The problem => Restate every line of the material below word for word, skipping the images.

Supplied data =>
=== Section Start ===
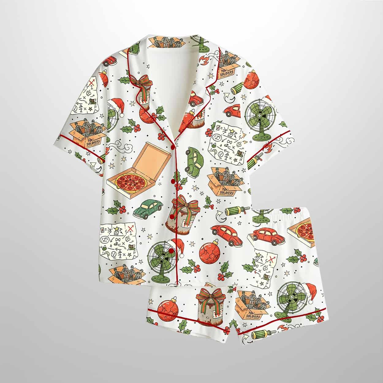 Get ready to defend your holiday spirit in style with this pajama set. This short-sleeved button-up top and matching shorts feature a delightfully chaotic print of pizza boxes, globes, red mushrooms, treasure maps, leafy plants, and chests—each element playfully nodding to adventure, mischief, and holiday mayhem. Red piping adds a bold outline to the whimsical design, making this set as eye-catching as it is cozy.
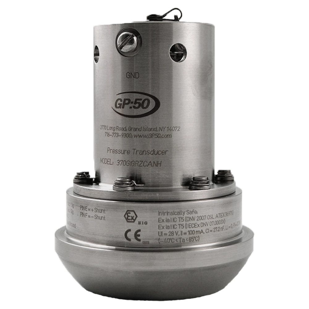 Model 7780 High Temperature Pressure Transducer Series from GP:50 offers consistent measurement accuracy in temperatures up to +350 °F (+177 °C). The Series features a lightweight, all stainless steel construction with choice of either 4-20 mA, 0 to 5 Vdc, or 0 to 10 Vdc output; or optional digital protocols. Onboard isolated transducer electronics are remotely mounted via stainless steel armor jacketed flex tubing. The high-reliability of the Model 7780 Series is field-proven over 25 years and hundreds of applications, including higher shock and vibration environments.
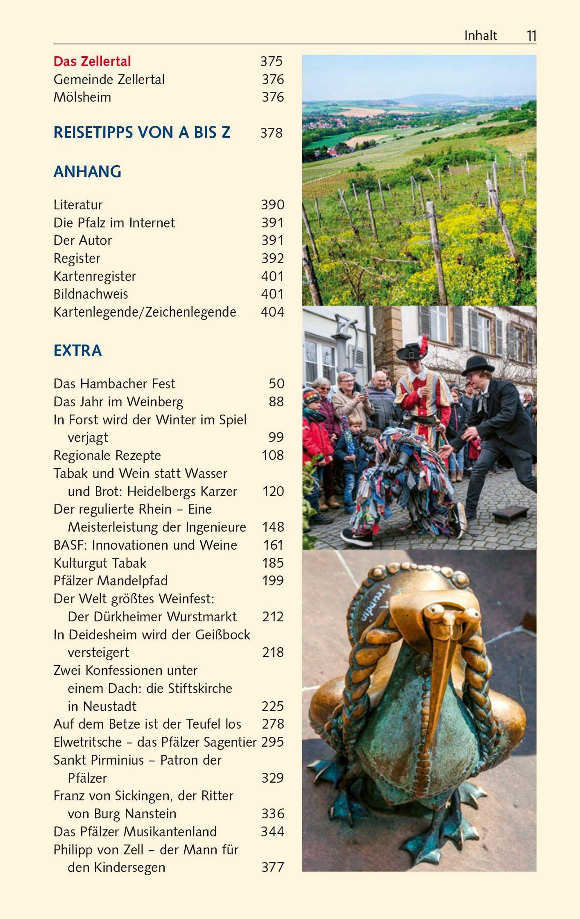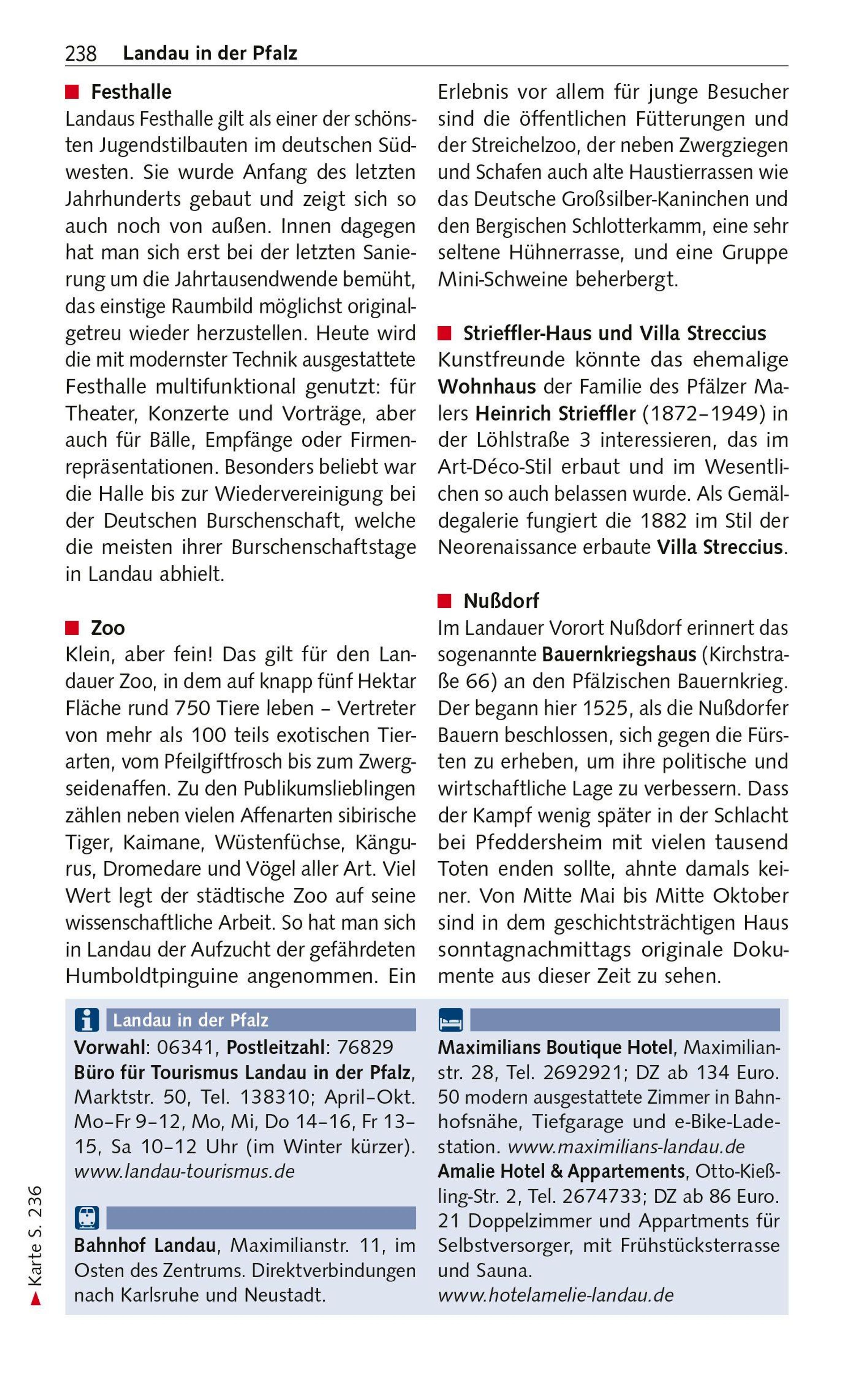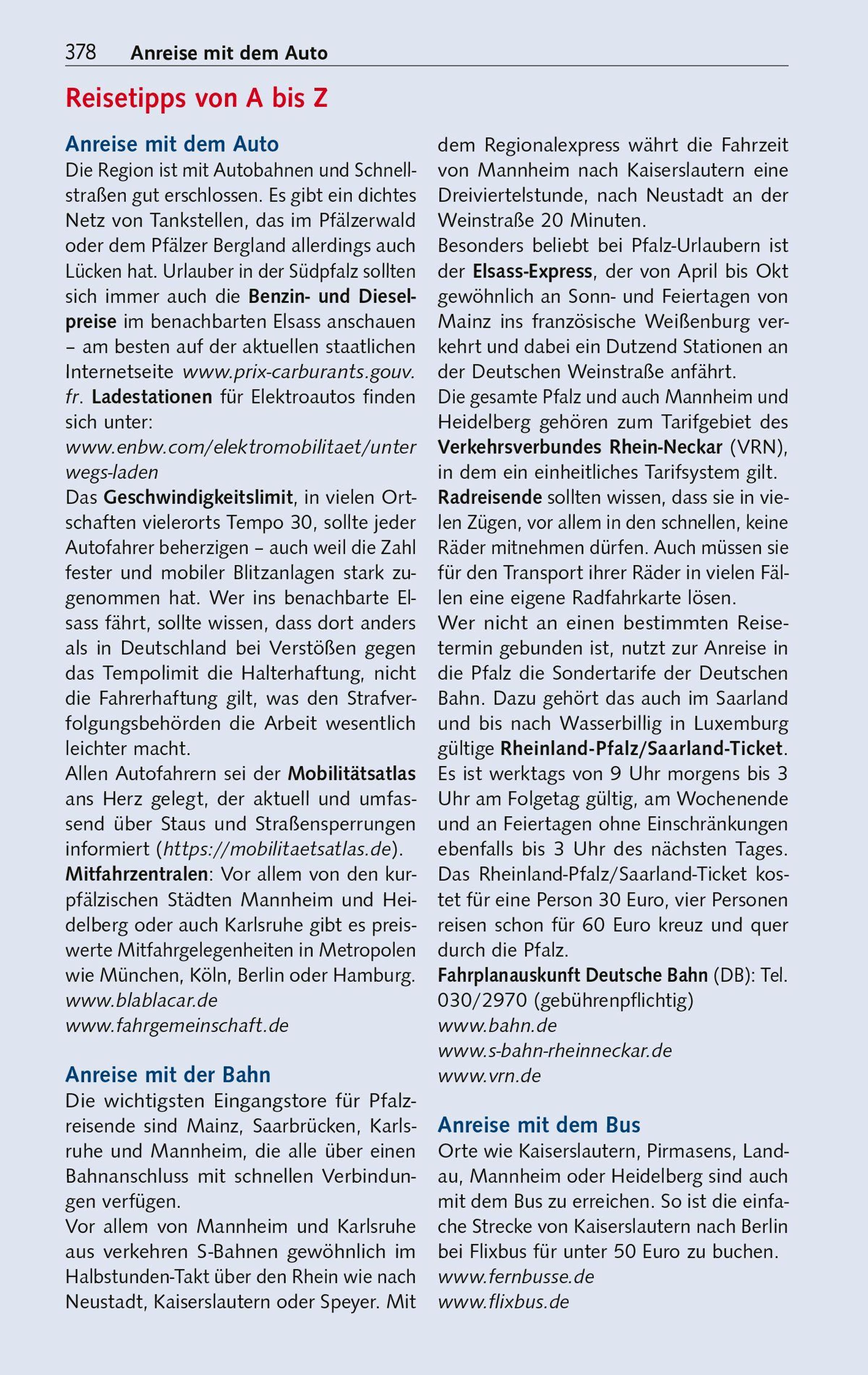 Im Trescher-Reiseführer PFALZ finden Kultur- wie Aktivurlauber neben der umfassenden Beschreibung aller Regionen und Sehenswürdigkeiten außerdem viele spannende Hintergrundinformationen zu Geschichte, Kultur und Brauchtum. Unterhaltsame Extra-Texte geben Einblicke in Pfälzer Besonderheiten; ein ausführliches Kapitel ist dem Weinbau gewidmet. Tourenvorschläge für Wanderer und Radfahrer, Freizeittipps für Familienurlaub sowie Empfehlungen zu Unterkünften und Gastronomie, Vinotheken und Weingütern, zu Museen, Festen und Veranstaltungen komplettieren das Buch zu einem unentbehrlichen Weggefährten, sei es für einen Wochenendtrip oder auch für eine längere Reise.
=== Section End ===
Written solution =>
 Get ready to defend your holiday spirit in style with this pajama set. This short-sleeved button-up top and matching shorts feature a delightfully chaotic print of pizza boxes, globes, red mushrooms, treasure maps, leafy plants, and chests—each element playfully nodding to adventure, mischief, and holiday mayhem. Red piping adds a bold outline to the whimsical design, making this set as eye-catching as it is cozy.
 Model 7780 High Temperature Pressure Transducer Series from GP:50 offers consistent measurement accuracy in temperatures up to +350 °F (+177 °C). The Series features a lightweight, all stainless steel construction with choice of either 4-20 mA, 0 to 5 Vdc, or 0 to 10 Vdc output; or optional digital protocols. Onboard isolated transducer electronics are remotely mounted via stainless steel armor jacketed flex tubing. The high-reliability of the Model 7780 Series is field-proven over 25 years and hundreds of applications, including higher shock and vibration environments.
 Im Trescher-Reiseführer PFALZ finden Kultur- wie Aktivurlauber neben der umfassenden Beschreibung aller Regionen und Sehenswürdigkeiten außerdem viele spannende Hintergrundinformationen zu Geschichte, Kultur und Brauchtum. Unterhaltsame Extra-Texte geben Einblicke in Pfälzer Besonderheiten; ein ausführliches Kapitel ist dem Weinbau gewidmet. Tourenvorschläge für Wanderer und Radfahrer, Freizeittipps für Familienurlaub sowie Empfehlungen zu Unterkünften und Gastronomie, Vinotheken und Weingütern, zu Museen, Festen und Veranstaltungen komplettieren das Buch zu einem unentbehrlichen Weggefährten, sei es für einen Wochenendtrip oder auch für eine längere Reise.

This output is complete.